Tradition: A Go-Getter Champ in the Manipur Syllabus!

Tradition is a guide and not a jailer.
- W. Somerset Maugham

Mr. Langban has bidden adieu for the year passing on the duties to the Ministress of Seasonal Affairs – Mera Tha.

A pleasant season, the return of hungaam and yongchaak in the chakhum and of course the festivals that queue up for their turn one after another, mark the advent of Mera. Fatso Langban relished all the tarpon feasts and offerings that we prepared for the departed souls of our ahal laman and saagei-naatei. He needs at least a year to digest everything that he had gorged on during his stay. The last time I saw him, he was buying Enzyme and lots of Hajmola sachets.

Meanwhile, Mera Ministress cannot wait to flaunt herself. She has impeccably donned herself with the Fall-Winter collection from some wannabe designers. Cajoled by her elegance, she gracefully makes her seasonal entry imbued with the right hues.

As bamboola sounds mingle in the festive air, the young and the old are bracing up for the coming days in high spirits. I pressed F5 on my mind for a few memories of festivals that we ardently enjoyed during our childhood days. One of the reloaded memories is that of the Durga Puja festival. Five days of fun and frolicking, lots of bamboola to crack and lots of esei-leela to indulge in. Puja vacations had always been a second Yaoshang coming for us. The festival is still celebrated with great pomp and show at present (especially in my leikai).

Beat Yaoshang or Durga Puja, we love celebrating every festival with great pomp and show. The only difference I have personally observed over the years is how we now celebrate a festival. The same old excitement or jovial spirit seems faded. Perhaps, it’s the years playing tricks with us or it’s the continuous mayhems that have stuffed our attention around the whole year.

Well, I suppose we need a break from the depression throughout the year. Which is why, the major festivals – Duga Puja, Diwali, Ningol Chakouba, Christmas to name a few – mark the ending of every year.

However, from the murky side, it seems nothing changes in our state except the dates and the festivals that mark their annual return. It’s the same old ugly brouhaha, the primitive laid-back attitude of our people, the sycophancy of the system and the list goes on.

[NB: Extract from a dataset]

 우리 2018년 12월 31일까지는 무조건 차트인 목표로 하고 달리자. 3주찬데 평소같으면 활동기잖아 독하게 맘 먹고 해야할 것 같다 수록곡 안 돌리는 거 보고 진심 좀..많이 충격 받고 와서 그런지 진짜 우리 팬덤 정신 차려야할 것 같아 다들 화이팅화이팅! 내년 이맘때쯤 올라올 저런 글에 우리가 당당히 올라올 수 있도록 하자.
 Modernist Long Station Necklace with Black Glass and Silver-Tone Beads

Wait, wait. We have seen a few additions in the syllabus over the last few years. In the last couple of years, reports of rapes and molestations plus cases of missing housewives have added a few more. Once these used to be nauseating news from the metropolis, but not anymore.

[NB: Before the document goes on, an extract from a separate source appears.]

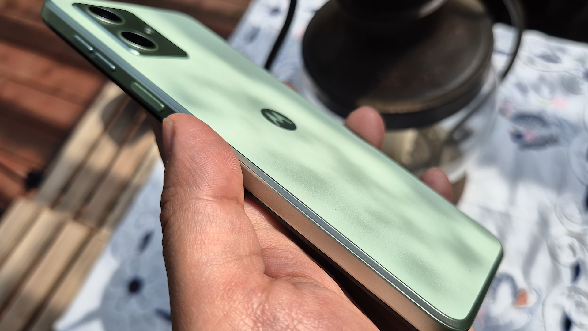 edge 40 리뷰할 때 비건 레더에 푹 빠졌던 적이 있었는데요 그래서 모토로라 G54 비건 레더 제품도 기대를 많이 했었습니다. 그런데 edge 40의 고급스러운 가죽 느낌을 받지는 못했습니다. 무슨 차이가 있는지 생각해 봤는데요 edge 40은 비건 레더에도 엣지가 있어서, 자연스러운 굴곡으로 가죽이 덮고 있는 느낌을 주는데요

In the midst, I am at least glad that we still nurture the tradition of celebrating festivals.

Possibly, it’s time we admit that it is only tradition that always scores letter mark in the Manipur Syllabus. It is something that revives us from depression and restlessness that engulf us the whole year.

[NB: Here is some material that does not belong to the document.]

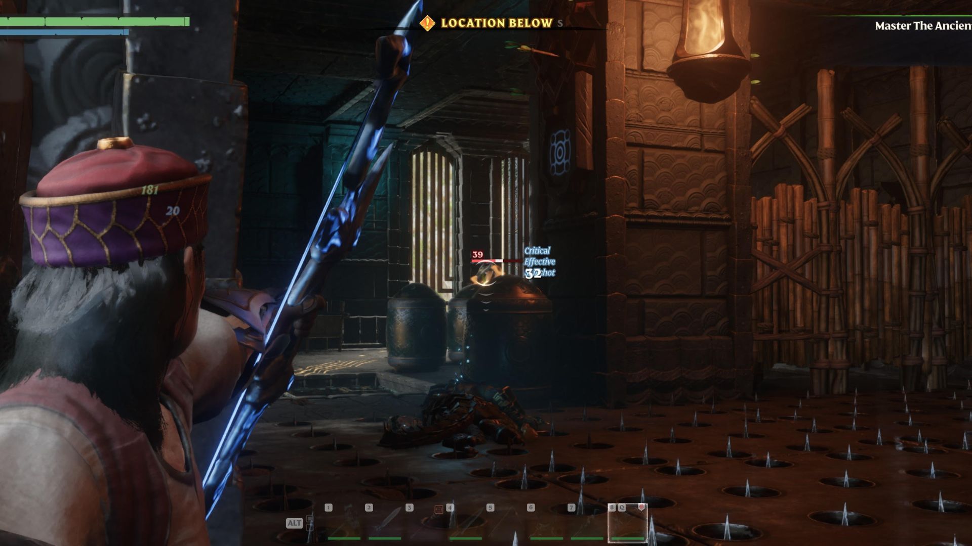 Once you’ve reached the third floor of the Veilwater Basin Ancient Spire, go north and cautiously make your way across the first row of spikes. You’ll see a climbable grate on your right, but hold off on going there for now. Your priority is to locate the three hidden buttons first.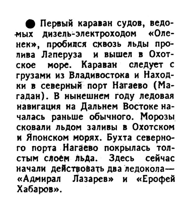 Ныне первые караваны судов отправятся из западных портов страны в Игарку 23—25 июня, а из восточных портов к Певеку — 12 июня. Вот как раздвинула дружина ледоколов короткое северное судоходное лето.

Tradition inculcates belongingness in our heart to the blood soaked land we call our home. It still makes us yearn to go back and mingle up again with our forlorn friends, brothers and sisters. It provides us an original identity of our own that the rest of the world would not even care.

Que sera sera, we should be glad that the guns and bombs cannot destroy the tradition that we have been religiously following all these decades. Tradition is a go-getter champ in the Manipur Syllabus. Let’s hope it scores a Gold Medal someday provided time and technology do not play a trick with it.

Long live tradition. Happy festivals, everyone!